DATA FOR THIS EXERCISE =

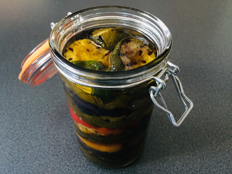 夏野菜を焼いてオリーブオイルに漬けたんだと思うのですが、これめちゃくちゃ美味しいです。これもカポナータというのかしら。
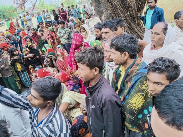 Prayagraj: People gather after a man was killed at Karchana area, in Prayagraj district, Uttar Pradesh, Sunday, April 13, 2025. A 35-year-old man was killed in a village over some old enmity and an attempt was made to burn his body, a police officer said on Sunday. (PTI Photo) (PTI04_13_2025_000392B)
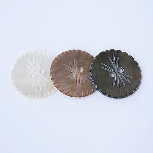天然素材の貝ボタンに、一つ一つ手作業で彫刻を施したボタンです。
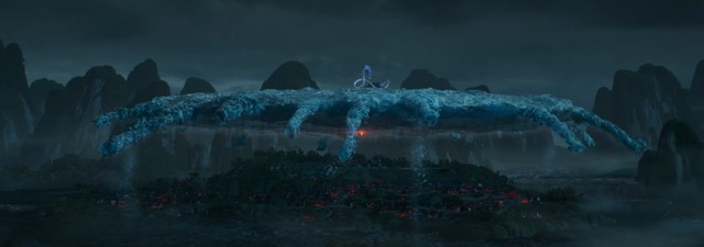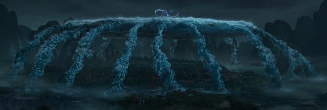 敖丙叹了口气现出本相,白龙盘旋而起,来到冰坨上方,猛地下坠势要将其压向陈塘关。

* * *

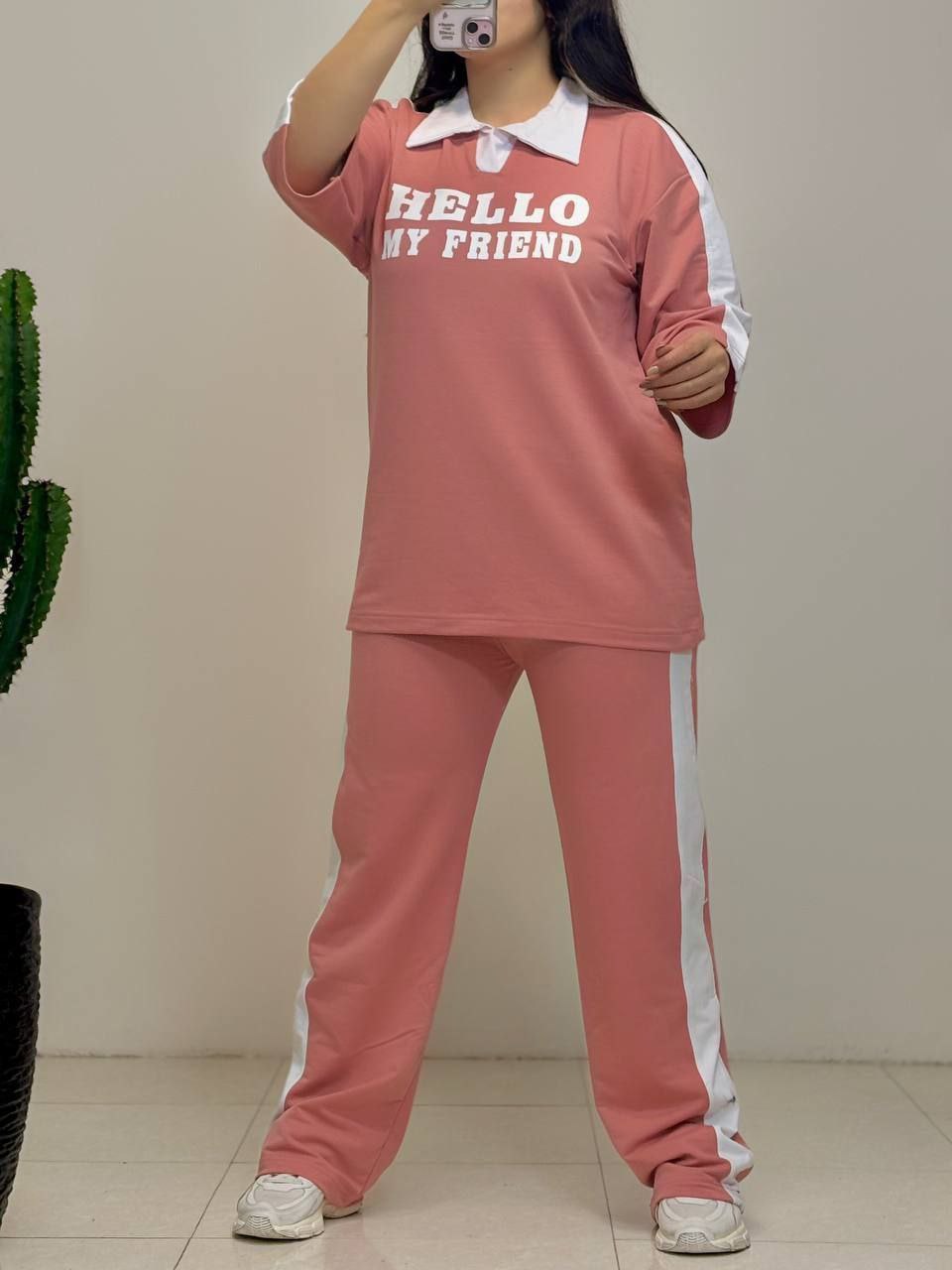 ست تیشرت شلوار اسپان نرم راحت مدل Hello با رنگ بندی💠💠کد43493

==

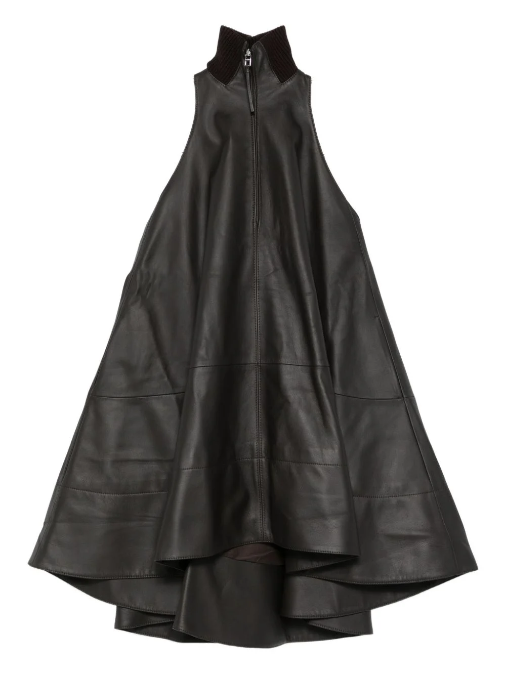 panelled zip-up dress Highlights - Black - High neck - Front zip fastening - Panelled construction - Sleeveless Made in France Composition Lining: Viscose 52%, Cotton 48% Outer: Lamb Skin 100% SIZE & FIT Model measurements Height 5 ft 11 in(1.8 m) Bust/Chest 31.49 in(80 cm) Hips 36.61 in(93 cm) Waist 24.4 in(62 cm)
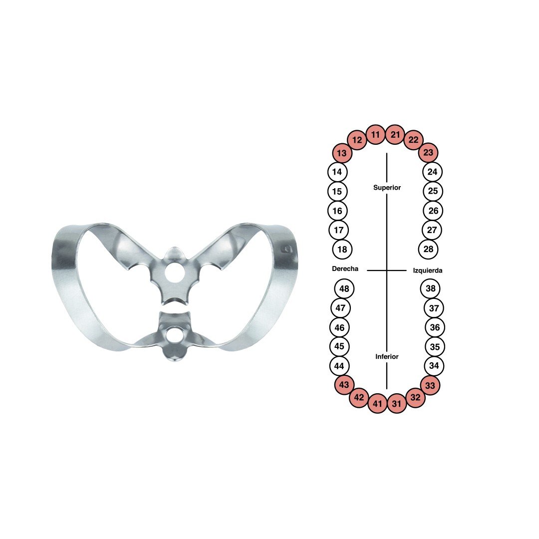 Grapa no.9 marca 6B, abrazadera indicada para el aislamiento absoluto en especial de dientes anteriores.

ABOUT THIS TASK =
All that should be printed is the run of lines above from the one with "天然素材の貝ボタンに、一つ一つ手作業で彫刻を施したボタンです。" through the one with "敖丙叹了口气现出本相,白龙盘旋而起,来到冰坨上方,猛地下坠势要将其压向陈塘关。", both included, exactly as given, with pictures left out.

TASK OUTPUT =
天然素材の貝ボタンに、一つ一つ手作業で彫刻を施したボタンです。
 敖丙叹了口气现出本相,白龙盘旋而起,来到冰坨上方,猛地下坠势要将其压向陈塘关。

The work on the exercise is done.